His humanistic leadership style, coupled with a strong command of skills as a musical communicator, has earned him an impressive reputation with audiences and music programs throughout the country. Considering his work with young musicians as one of the cornerstones of his career, Grogan currently continues this commitment with the Greater Newark Youth Orchestra. During his final season with the Ithaca College Orchestras, he collaborated with several colleagues to present the 2006 Gospel Music Festival. Over one hundred African-American students from the Washington D.C., New York City and Syracuse areas participated.
Prior to his appointment with the NJSO, Grogan was Director of Orchestras and Associate Professor at the Ithaca College School of Music (New York).

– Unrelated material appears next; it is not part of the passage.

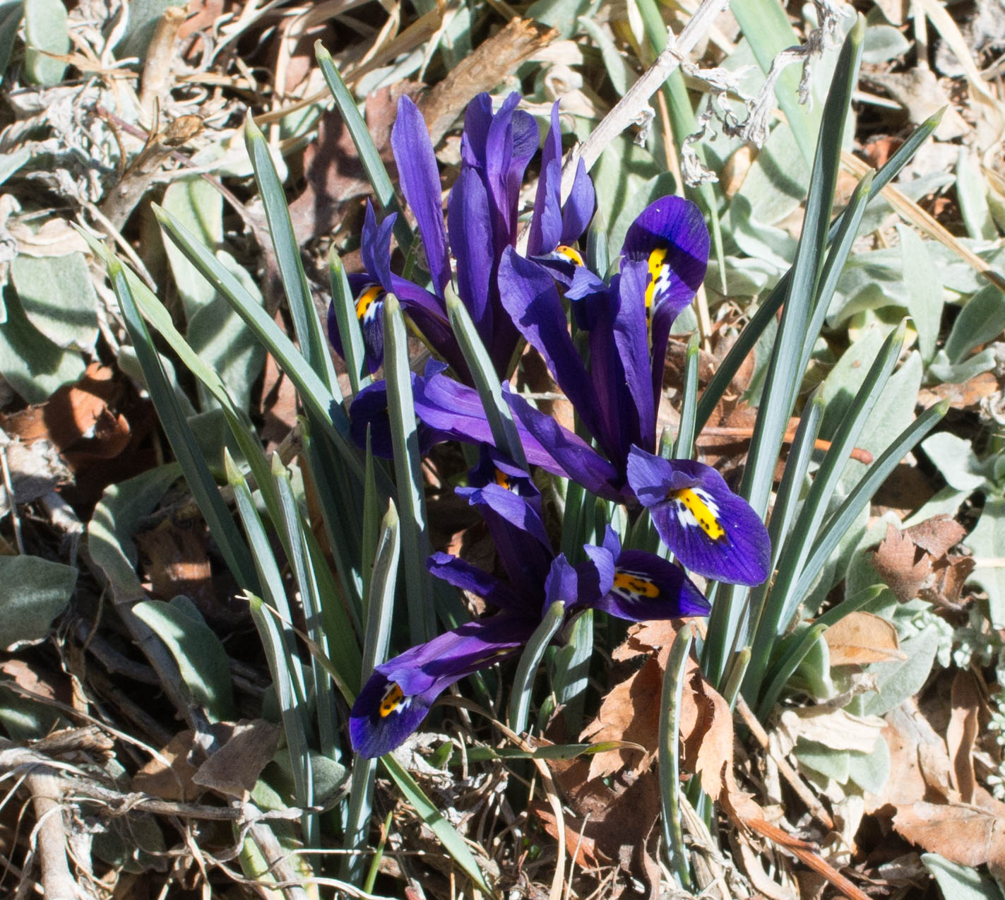 This is the regular species Iris reticulata which has been in the garden for a quarter of a century. It’s strongly scented of violets. Maybe the picture should show it purpler.

In addition to leading Ithaca’s graduate orchestral conducting program, he took the orchestra to its Avery Fisher Hall debut in April of 2005 and led the ensemble in its most recent concert programs in the United Kingdom.
This season, he will appear with the Reno Philharmonic Orchestra, New Jersey Symphony Orchestra, the American Festival for the Arts Orchestra, the Texas All-State Orchestra, Indiana University, Lamar University, among other engagements nationwide.

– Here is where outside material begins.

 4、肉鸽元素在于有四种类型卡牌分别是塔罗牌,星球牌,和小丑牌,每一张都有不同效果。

Grogan’s dedication to new music manifests itself through recent collaborations with Robert Beaser, Michael Colgrass, Michael Daugherty, Karel Husa, Roberto Sierra and Dana Wilson. In 2004, the Ithaca College Symphony Orchestra commissioned and gave the world premiere of Scott McAllister’s Music from the Redneck Songbook, a work inspired by life in the American south.
Grogan was previously on faculty at the University of Michigan and at Baylor University. He has served as conductor and music director of the Waco Symphony Youth Orchestra, as well as assistant conductor and lecturer for the Waco Symphony Orchestra. Grogan is a graduate of Stephen F. Austin State University and the University of Michigan.
Andrew von Oeyen has already established himself as one of the most captivating pianists of his generation. Since his debut at age 17 with the Los Angeles Philharmonic and Esa-Pekka Salonen, von Oeyen has performed to critical acclaim in recital and orchestral appearances around the world.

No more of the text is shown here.